3. admit the word method for digging
In digitizing processing, when the entry personnel runs into Fig. 6, input " ⊥ Swam on Lantern Festival ", wherein the word instruction character is admitted in " ⊥ " expression, and when making the XML file, the approval word generation module in the knowledge generation module is converted to " ⊥ Swam on Lantern Festival ":
<text reverse=" reverse " variant=" 3 "〉Yuan Xiao Swam</text 〉
After a kind of document digitizing is finished, by the approval word acquisition module in the knowledge acquisition module explanation of XML is obtained all approval words, obtain all variant Chinese character of this coding standardized form of Chinese charcters according to the coding of approval word.

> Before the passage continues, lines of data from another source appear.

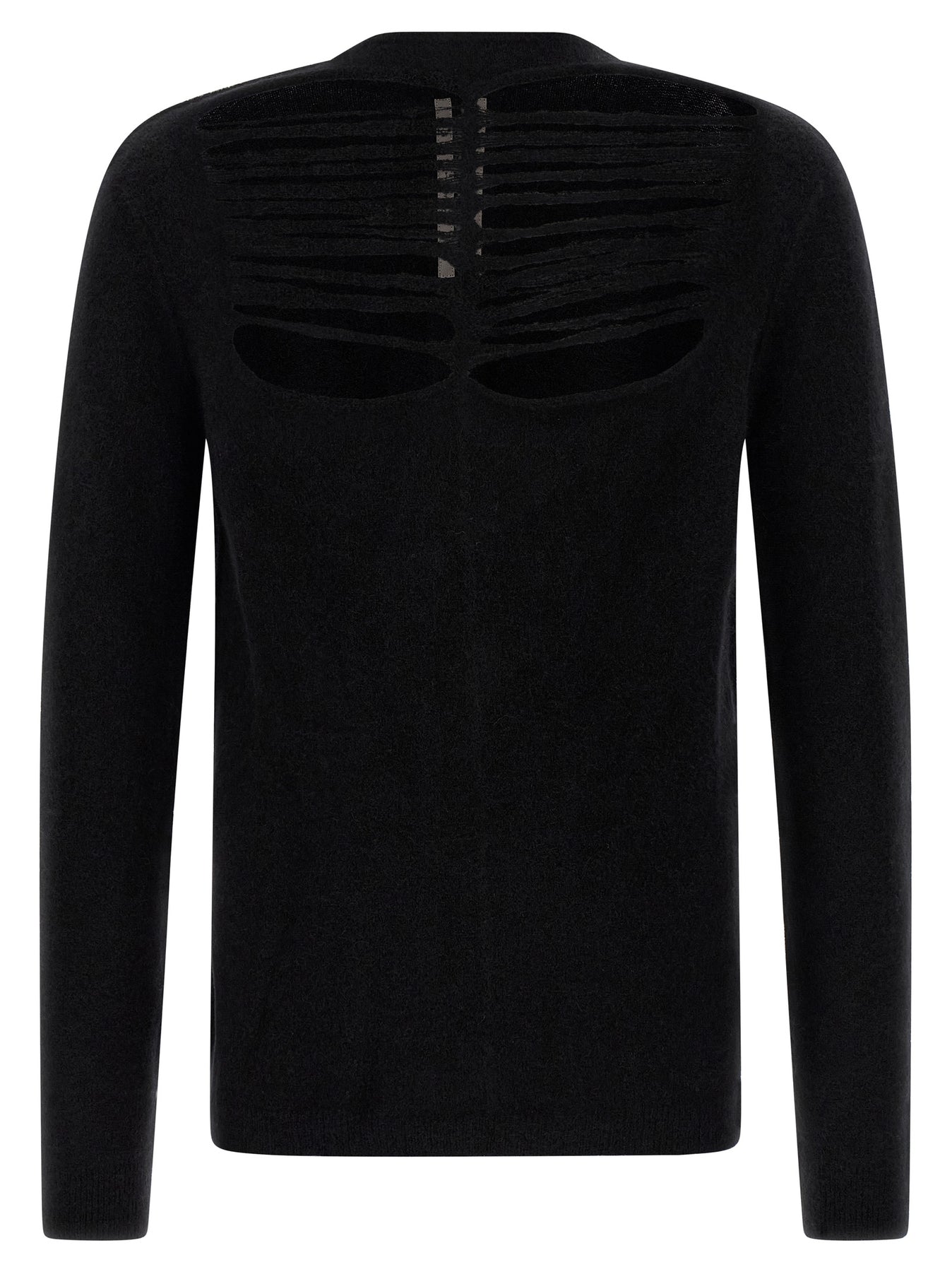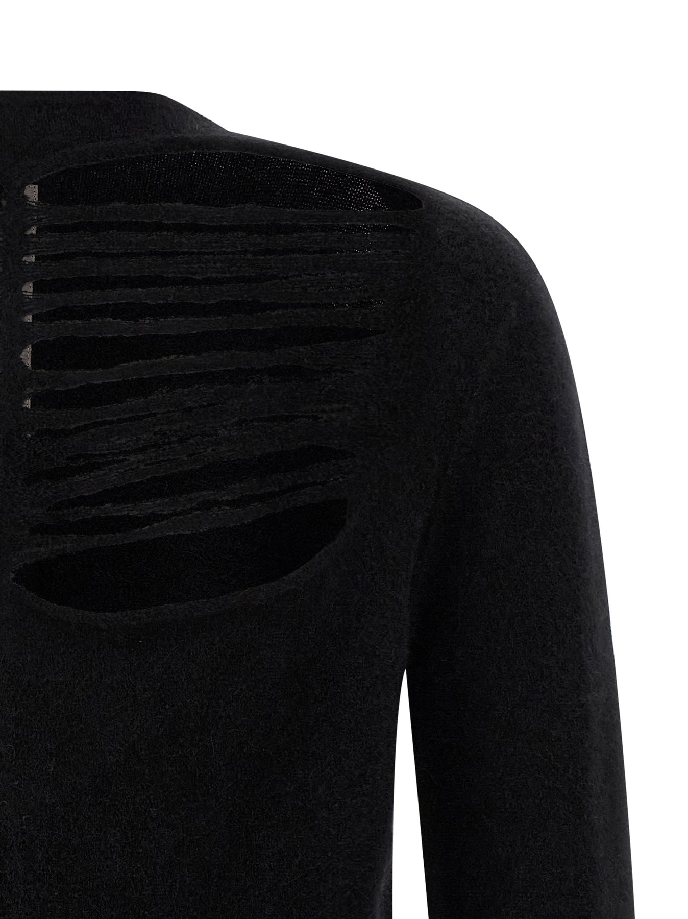 'LS Top' wool sweater with boat neck, front cut-out details, long sleeves.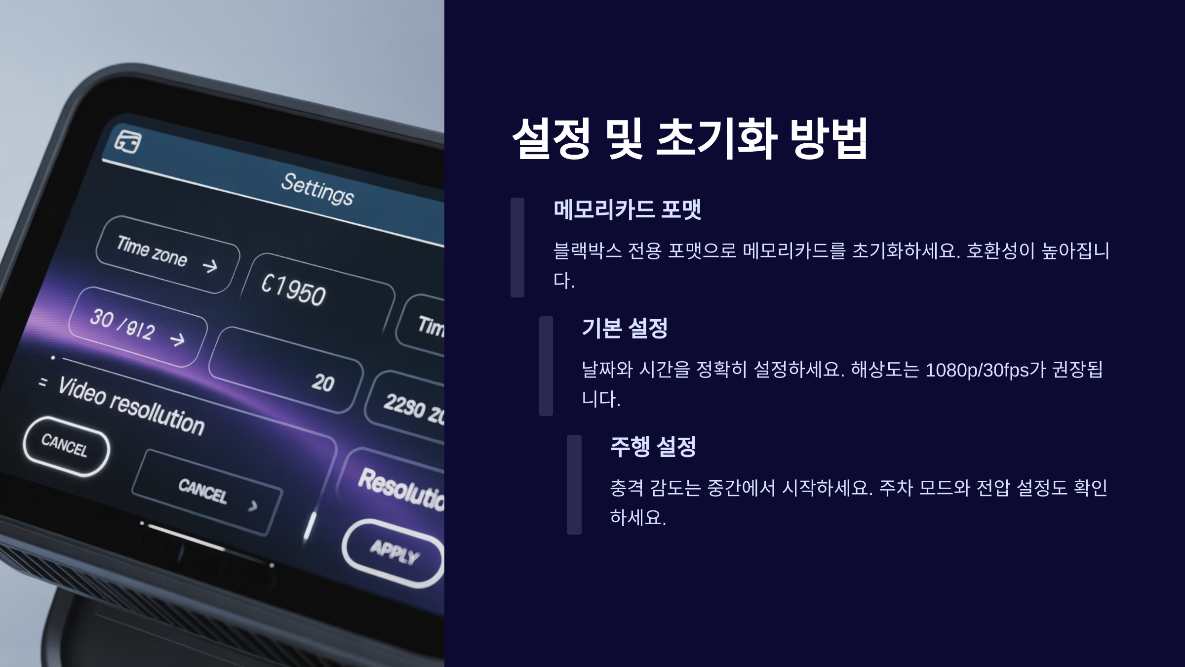 설정 및 초기화 방법 블랙박스를 설치하고 나면 가장 먼저 해야 할 일은 초기 설정이에요. 많은 분들이 이 부분을 건너뛰는데, 녹화 품질이나 저장 방식, 주차 모드 설정 등은 나중에 후회하지 않기 위해 꼭 체크해야 해요. 대부분의 블랙박스는 본체 화면이나 스마트폰 앱을 통해 설정할 수 있어요.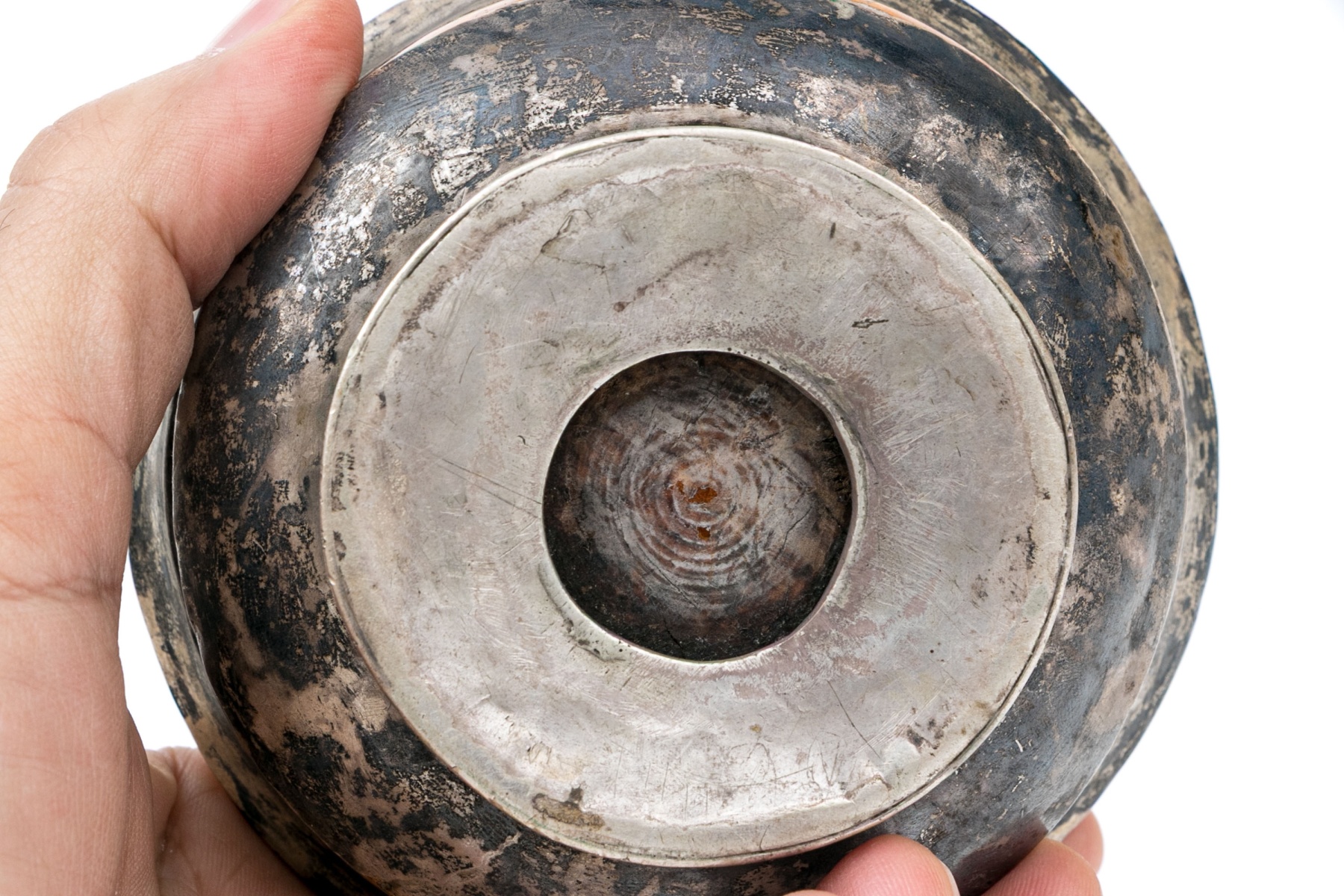 With decorative foot ring, with mouth ring and a material to the center.
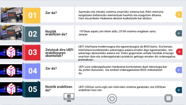UEFI zure ordenagailuaren Hardwarea kontrolatzen duen teknologia bat da, pizten duzunean, eta zenbait ordenagailuetan BIOS ordezkatzen du.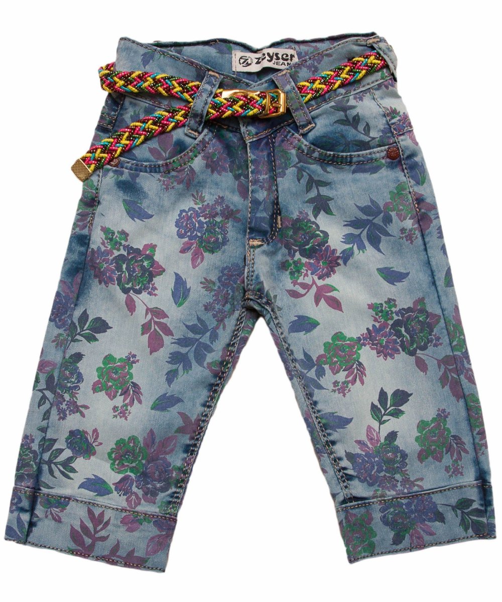 Бриджи джинсовые для девочки выполнены из качественного джинса. Вся моделька украшена рисунками, в виде цветов. По низу ножек - отстрочены манжеты. Для удобств вашей девочки, впереди и сзади - карманы. Так же в комплект входит яркий и красочный ремень, которым можно регулировать размер изделия. В таких бриджах будет комфортно выходить на прогулки, в детский сад или на праздники. Подберите под бриджи в нашем интернет-магазине футболку или блузу для своей малышки и будьте стильными этим летом!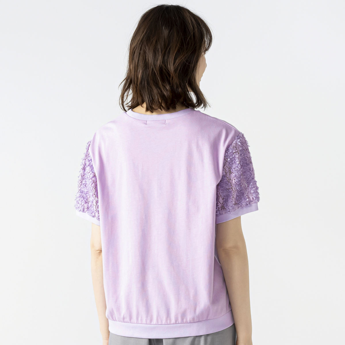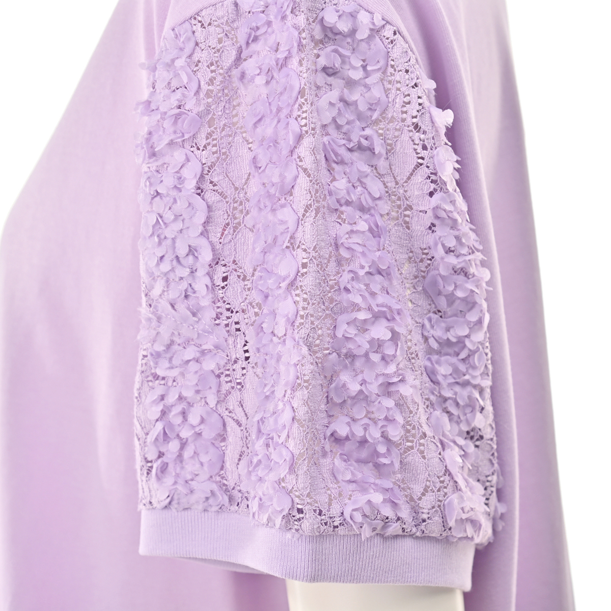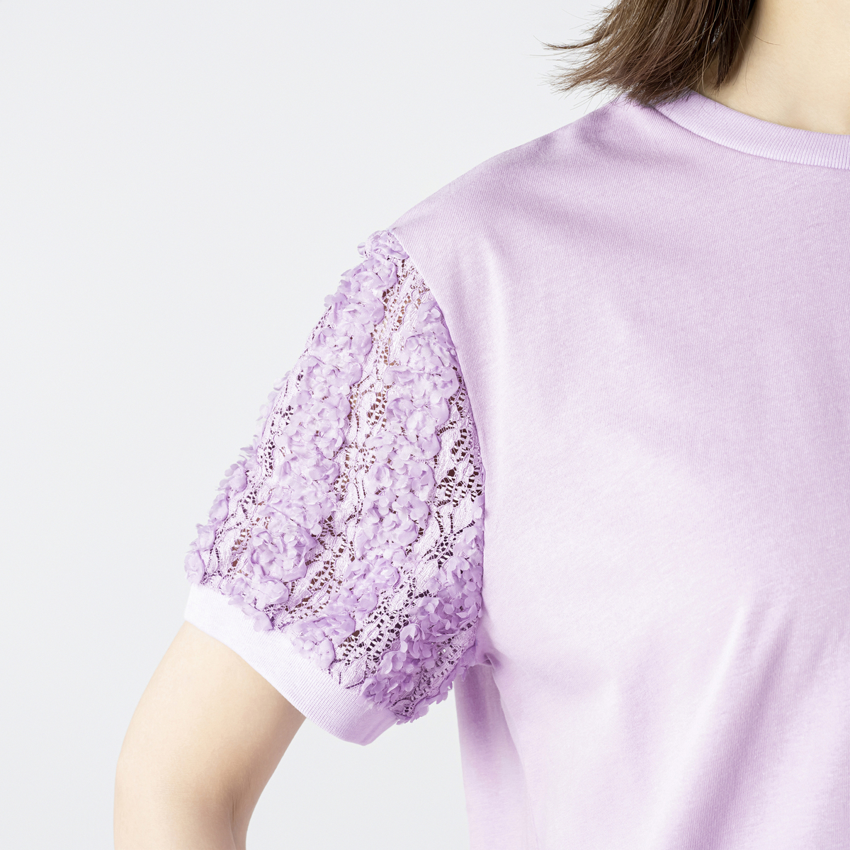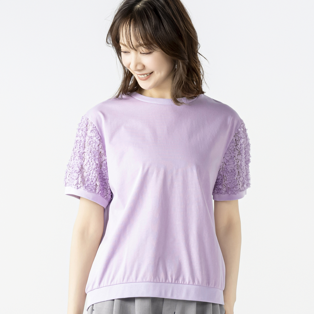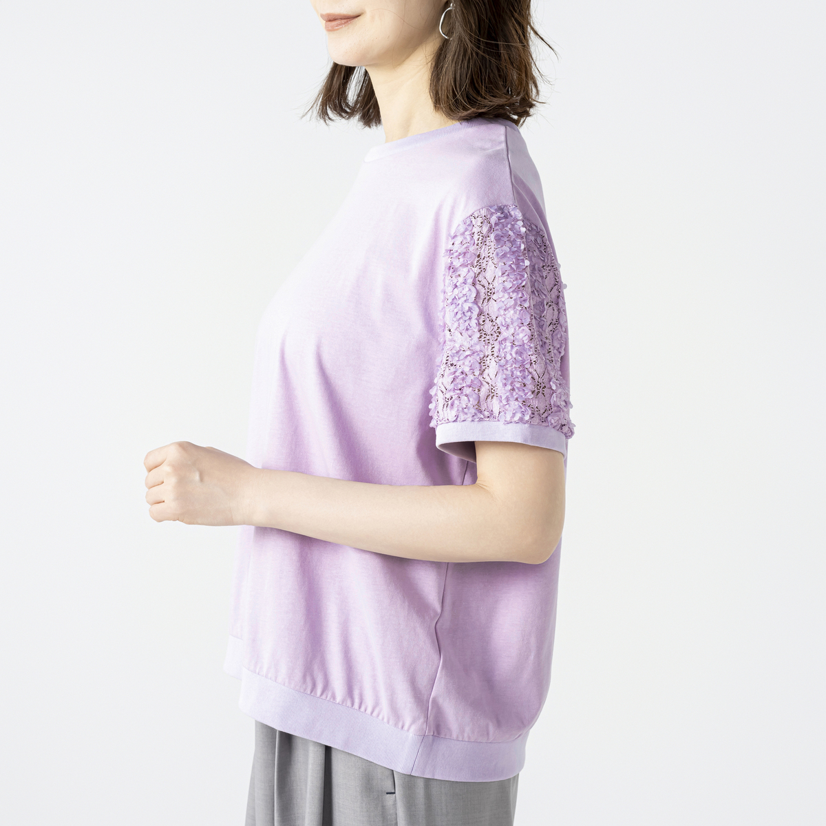 立体的な花モチーフレース袖がポイントのチュニック。レギュラー丈のクルーネックで着やすく、袖には凹凸のある花柄レースを使用。袖口と裾口はフライスで程よく締め、全体のバランスを整えています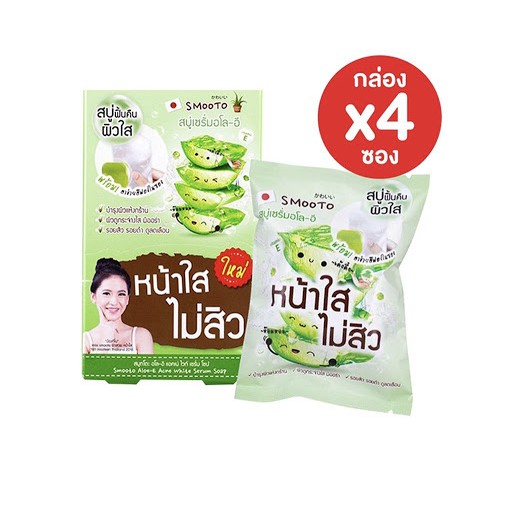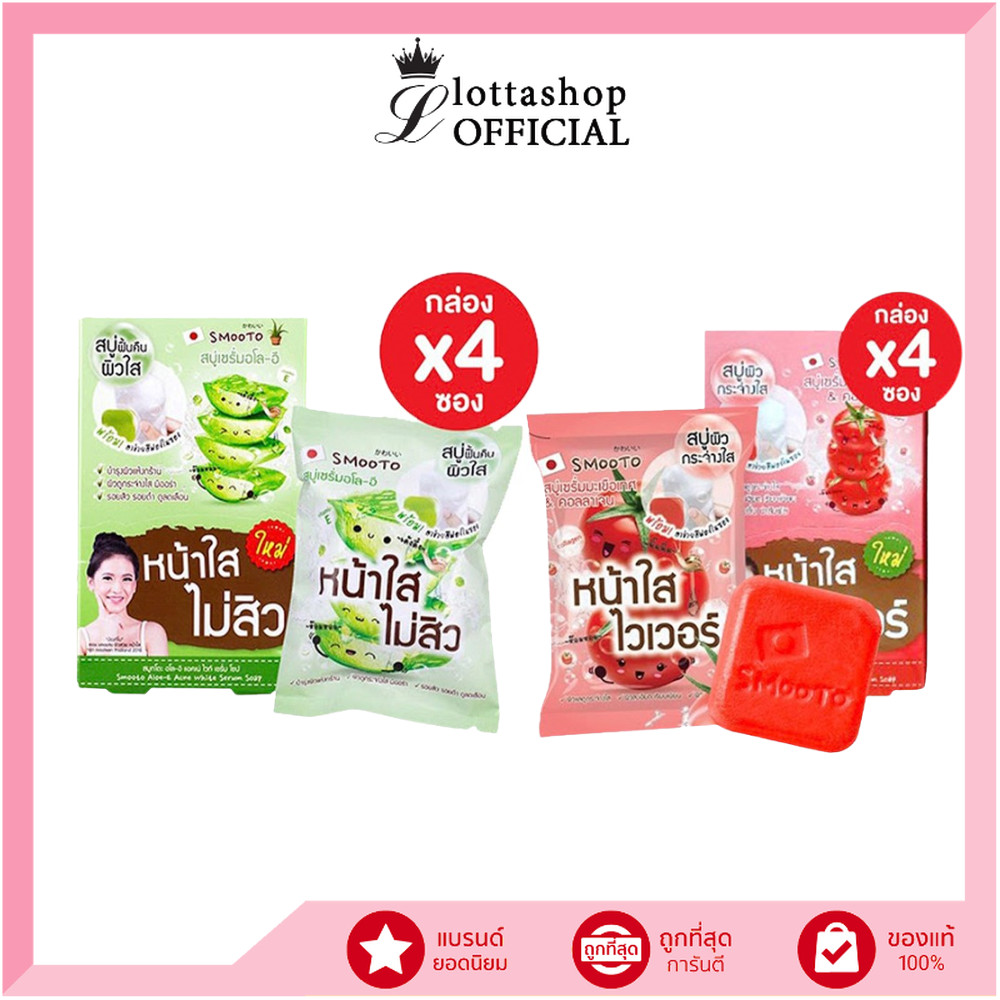 🔥กล่องx4ก้อน🔥Smooto Serum Soap Aloe - E Acne White Serum Soap / Colagen Whitening Serum Soap 60 กรัม

When the digitizing quantity of document reached certain scale, approval word acquisition module provided the allosome word table of all standardized forms of Chinese charcters.
Claims (7)
1. the method for a digital knowledge discovery comprises knowledge labeling method, knowledge generation module, knowledge acquisition module.
2. knowledge labeling method as claimed in claim 1 comprises meaning labeling method, speech labeling method, approval word mark method.
3. meaning labeling method as claimed in claim 2 comprises:
Font is added the meaning attribute: create font meaning attribute, create meaning by the meaning property value, set up the knowledge point, thereby make the content in the digitizing document be endowed the meaning of appointment;
Font is added the meaning explanation: meaning supplementary notes means are provided, the meaning that might produce ambiguous appointment is furnished an explanation.
4. speech labeling method as claimed in claim 2 comprises:
Speech mark emphatically: create speech marker character emphatically, it not only mark focus on the part of speech type, also comprise the content of speech itself;
Speech meaning attribute emphatically: create speech meaning attribute emphatically,, set up the knowledge point, thereby make the entry in the digitizing document be endowed the meaning of appointment by part of speech;
5. approval word mark method as claimed in claim 2 comprises:
Approval word attribute: the approval word attribute that creates text, admitted by the word of the position mark correspondence position of approval word in text.
6. knowledge generation module as claimed in claim 1 comprises:
Font meaning generation module: font meaning raw data is generated the cannonical format data.
Focus on speech meaning generation module: will focus on speech meaning raw data and generate the cannonical format data.
Approval word generation module: will admit the word raw data and generate the cannonical format data.
7. knowledge acquisition module as claimed in claim 1 comprises:
Font meaning acquisition module: obtain knowledge by font meaning attribute and property value.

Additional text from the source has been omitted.